Firefox Quantum compatible userChrome.js

What does this do?

Extensions that allow you to run arbitrary javascript in your browser context don't work anymore with Firefox 57 and later. This is a workaround which allows you to run arbitrary javascript in your browser context, as used to be enabled by the extension userChromeJS.

It does not involve adding any extensions, and instead works only by adding (or changing) files in your Firefox user profile.

After I made this I learned of something called autoconfig.js which apparently serves a similar purpose; I haven't investigated it very much.

Installation

Place the three userChrome.* files in a /chrome directory inside your Firefox profile. If you already have a userChrome.css file, you may instead add the contents of the file here anywhere in your existing file.

Replace the contents of userChrome.js with whatever you wish; it will execute in the browser context whenever you open a new browser window. The existing contents of that script (in this repo) are a small change to the fullscreen behavior of Firefox under macOS: it restores the pre-Lion behavior (and hides the toolbar and tabs when in fullscreen mode).

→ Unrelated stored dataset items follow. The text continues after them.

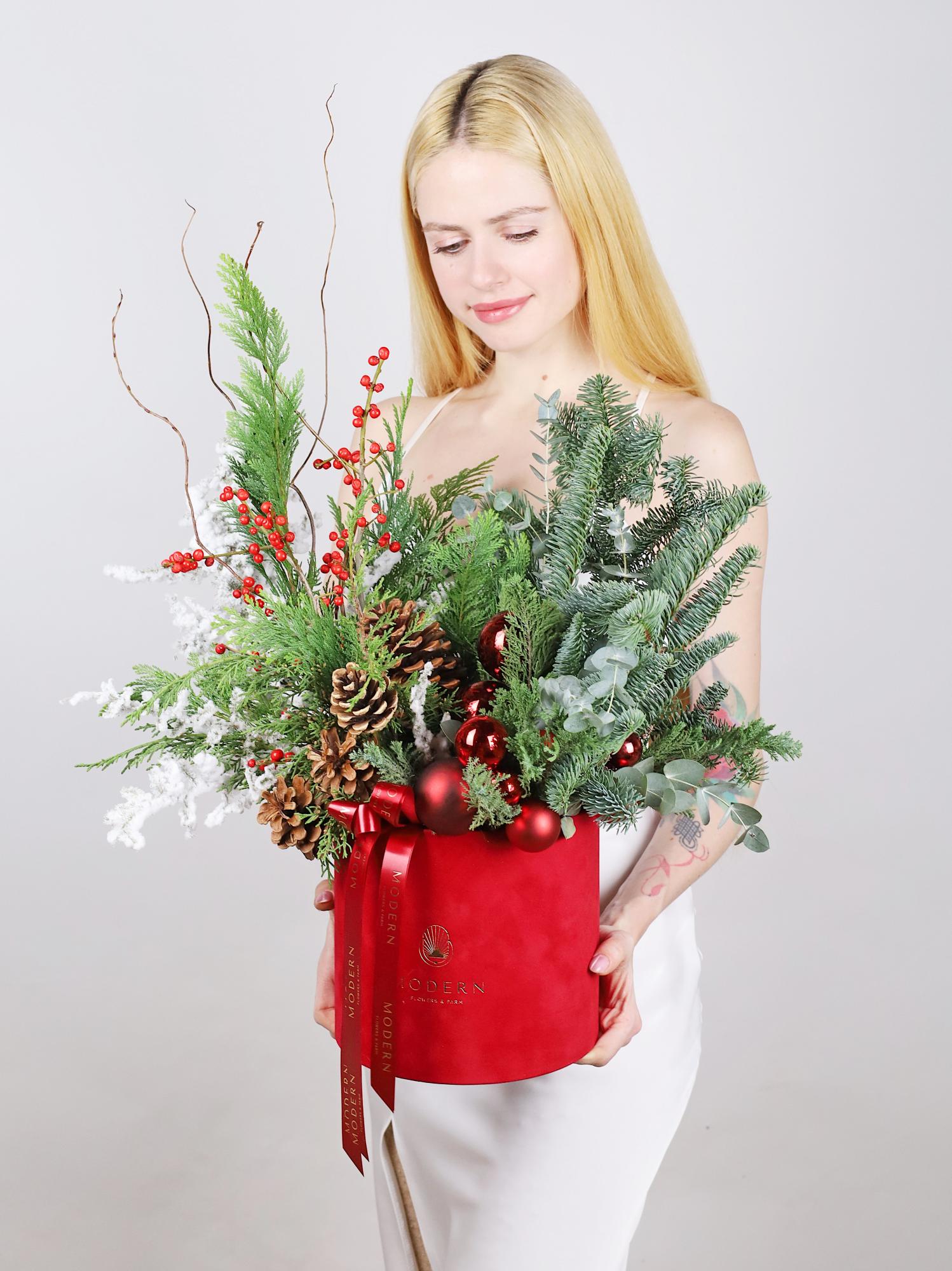 —ТОРЖЕСТВЕННАЯ ХВОЙНАЯ КОМПОЗИЦИЯ В БАРХАТНОЙ КОРОБКЕ
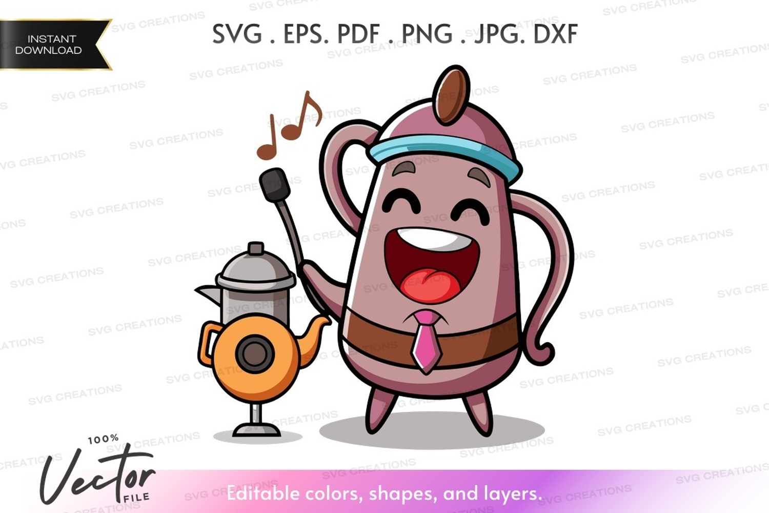 Cartoon Coffee Music Happy Clipart Microphone Teapot Singing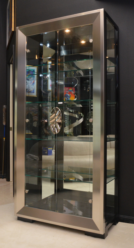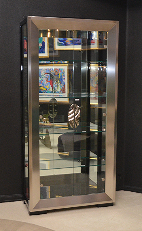 ITALIAN ILLUMINATED CURIO DISPLAY CABINET: Made exclusively for Excelsior, silvered metal framed front doors with abstract metal handles, black metal framed sides and back. 4 glass shelves, 79.25''h. x 37.75'' x 19''.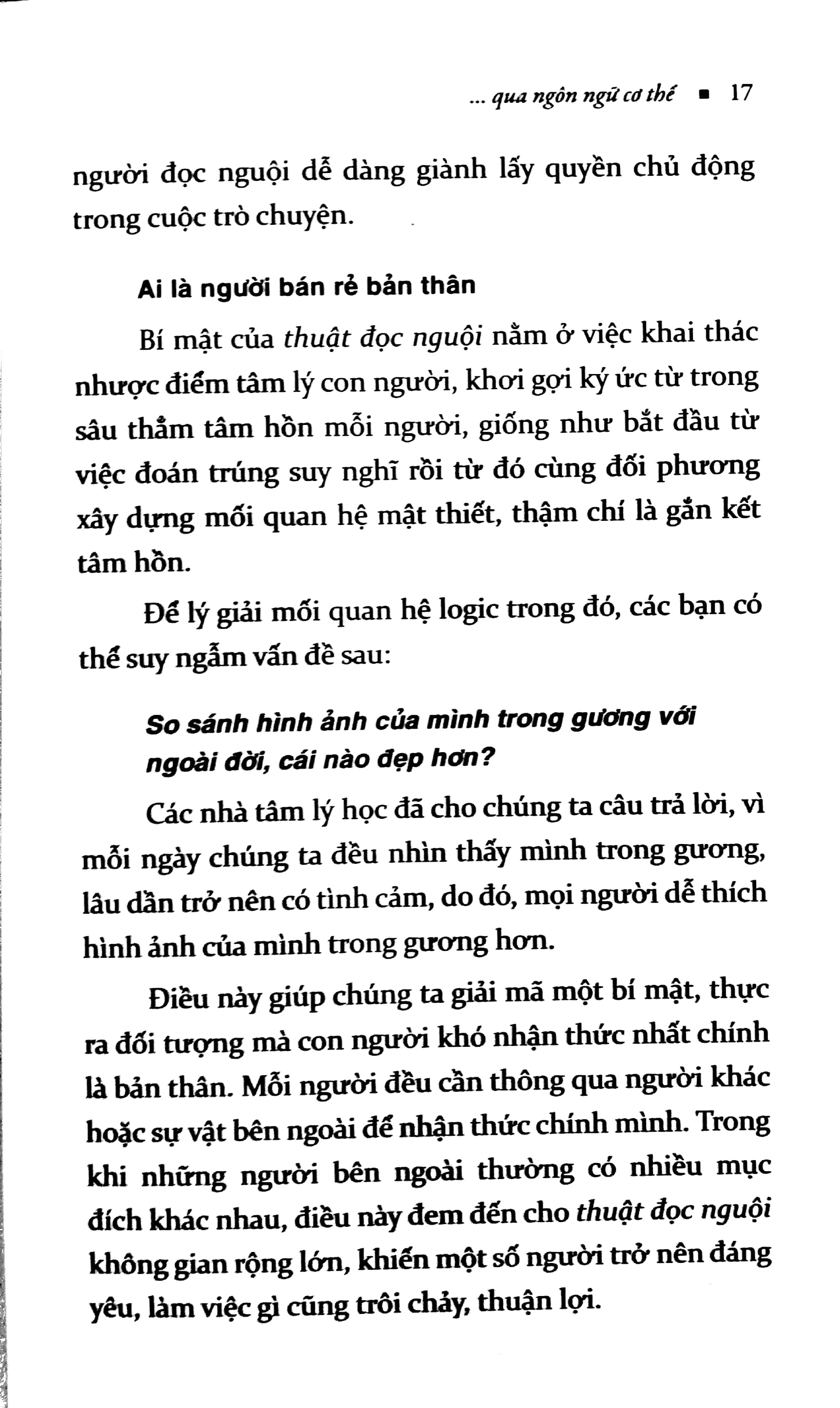 Thuật Đọc Nguội Làm thế nào để có thể áp dụng hiệu quả tâm lý học vào quan hệ giao tiếp? Nhà giáo Hiroyuki Ishii (Nhật Bản) đã phát triển một kỹ năng giao tiếp mang tính thực tế cao – thuật đọc nguội. Trong tình huống không có sự chuẩn bị trước, kỹ năng này dùng để nắm bắt tâm lý của đối phương và dự báo sự việc sẽ diễn ra trong tương lai, nhờ đó có thể nhanh chóng được đối phương tin tưởng. Trên các trang mạng và diễn đạt, người ta thảo luận sôi nổi về kỹ năng này. Kết quả thử nghiệm của một nhóm nghiên cứu phát triển kỹ năng thuật đọc nguội đã khiến nhiều người cảm thấy rất thú vị và hào hứng. Mặc dù vậy, mức độ phổ cập và phạm vi ứng dụng kỹ năng này trong xã hội còn rất hạn hẹp và khá xa lạ với số đông những người yêu thích tâm lý học, những người gặp khó khăn về giao tiếp xã hội, chưa nói đến chuyện ứng dụng thành thục. Trong các kỹ năng giao tiếp của con người, thuật đọc nguội chỉ là một cách gọi, còn bản chất của nó vẫn là ứng dụng những kiến thức tâm lý học như: đọc hiểu nội tâm, cảm ứng, thôi miên… Với mục đích học để ứng dụng, dựa trên những kết quả nghiên cứu ứng dụng tâm lý học trong một thời gian dài, tác giả trình bày và giải thích về thuật đọc nguội một cách hệ thống. Sau khi tổng hợp tối đa các kiến thức chuyên ngành như: tâm lý học, ngôn ngữ học, marketing… tác giả đã chỉnh lý, bổ sung và kết cấu thành hệ thống về kỹ năng này từ những ứng dụng của nó trong cuộc sống hàng ngày như: làm sao để nhanh chóng có được sự tin tưởng của đối phương, hay làm thế nào để khởi đầu giao tiếp một cách thuận lợi, tìm hiểu và nắm bắt tâm lý của người hướng nội hay hướng ngoại… Trong chương cuối cùng của cuốn sách, tác giả tuyển chọn ra chin loại hình ngôn ngữ đọc nguội quan trọng nhất trong giao tiếp xã hội. Khi đã nắm vững kỹ năng, vận dụng thành thục thuật đọc nguội để hiểu thấu và điều khiển suy nghĩ của đối phương, bạn sẽ chiếm được cảm tình của rất nhiều người, các mối quan hệ xã hội của bạn cũng từ đó sẽ ngày càng được mở rộng. Trong cuộc sống hằng ngày, việc xử lý các vấn đề như: quan hệ với khách hàng, ứng xử với sếp và nhân viên, làm thế nào để xây dựng mối quan hệ thân thiết với người khác giới, làm thế nào để phát triển nhiều hơn nữa các mối quan hệ xã hội… khiến chúng ta đau đầu. Mục đích duy nhất của cuốn sách này là giúp bạn giải quyết những vấn đề kể trên: hướng dẫn bạn cách chung sống hòa thuận với mọi người trong công việc, đời sống. Qua việc đọc cuốn sách này, bạn sẽ dễ dàng nắm vững và vận dụng kỹ năng giao tiếp xã hội, giúp bạn phát huy sức hấp dẫn, được chào đón mọi lúc mọi nơi, dễ dàng chiếm được cảm tình và niềm tin của mọi người .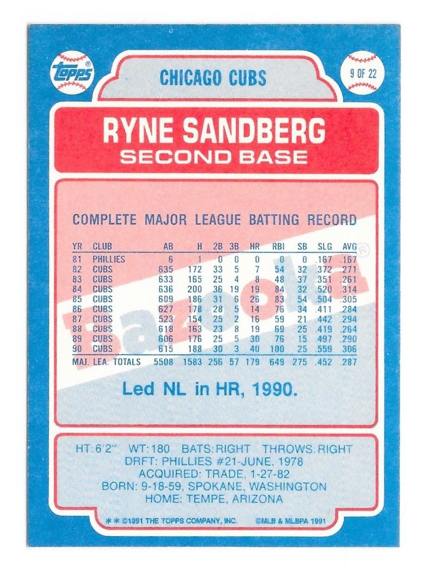 1991 Topps Bazooka Shining Star Insert Set Ryne Sandberg Card #9 of 27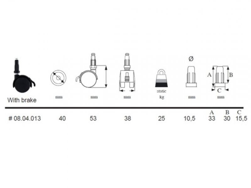 SISO-Nábytkové dvojité kolečko 40 mm otočné s čepem a brzdou
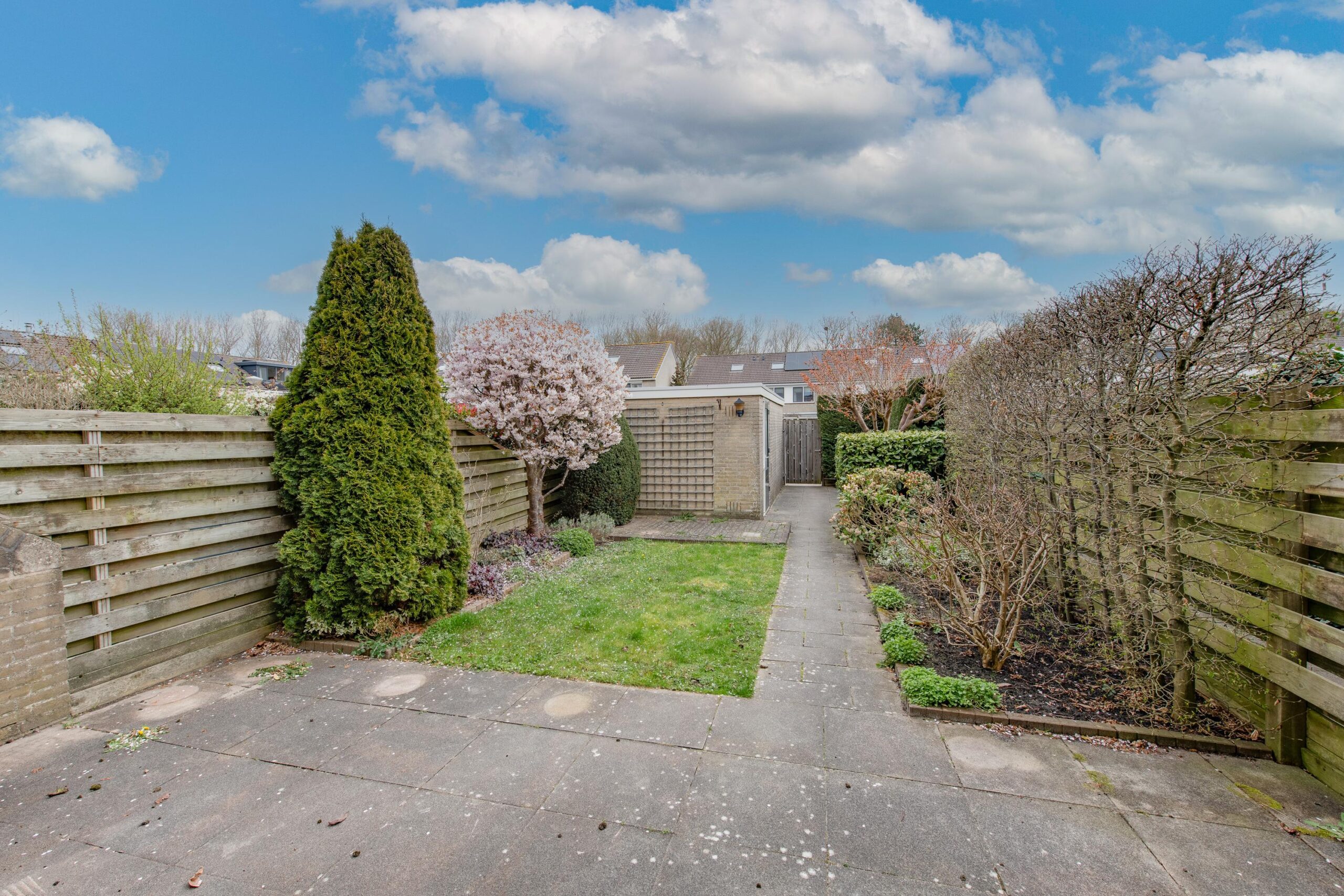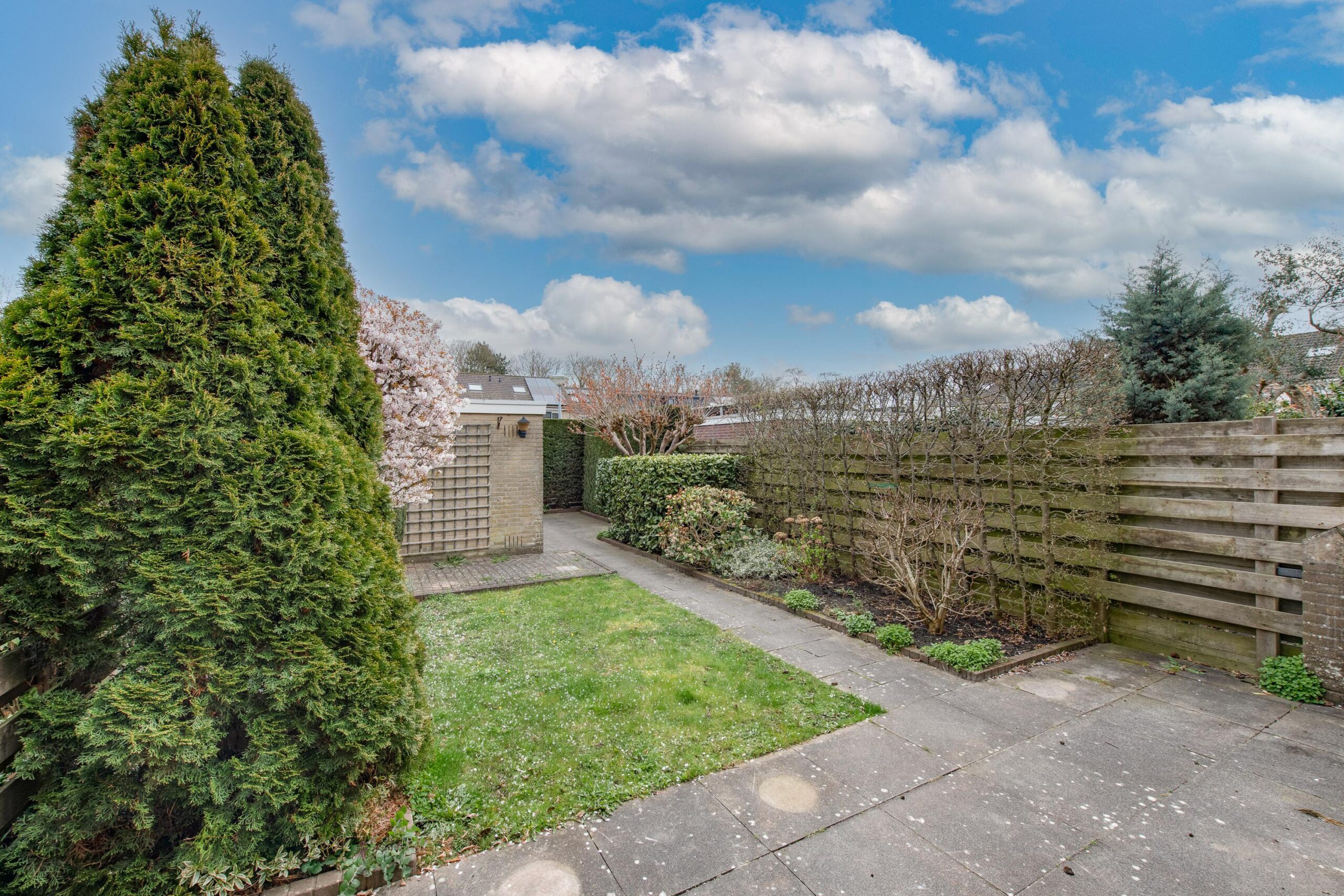 De voortuin (ca. 38,5 m²) ligt op het westen en biedt privacy én zon op warme dagen. De diepe achtertuin (ca. 114 m²) ligt op het oosten, ideaal om hier in de zomer verkoeling te zoeken. Achterin de tuin vind je een stenen garage en achterom.

You may also place userChrome.xul and .uc.js, .uc.xul and .css files in the /chrome directory, these will be loaded along with userChrome.js.

  • userChrome.xul and .uc.xul files are XUL overlays that will load into the browser.
  • .uc.js files will execute javascript in the browser context, like userChrome.js.
  • .css files will loaded as USER_SHEETs into all pages, including the ui (chrome:// urls), a sort of userChrome/userContent hybrid. Use @-moz-document rules to limit them to certain pages. (userChrome.css and userContent.css will behave as normal).
  • A special case, .as.css files, are loaded as AGENT_SHEETs, allowing you to style anonymous content like scrollbars.

To uninstall, remove the three files. If you have other content in the userChrome.css file you can remove just the part that you added during installation.

Why did I make it?

I wanted to enable pre-Lion osx fullscreen mode, and couldn't find an easy way to do it in Firefox Quantum. It's possible with unpacking, altering, and repacking files in the Firefox.app package... but that's painful and might not survive updates. Then I came upon this method, realized this trick was far more general than just altering fullscreen mode, and factored it out so that the javascript part was easily modifiable by anyone.

How does it work?

It relies on the fact that post-57 Firefox still allows a custom userChrome.css file, and a Firefox-specific CSS hack which can bind javascript to arbitrary DOM elements. I picked (somewhat at random) a DOM element in the browser whose existing XBL binding didn't already have a <constructor> tag, and added some JS there to load an external javascript file.

It's very possible that at some future time the Firefox team will remove some or all of the functionality that makes this possible, so enjoy it while you can.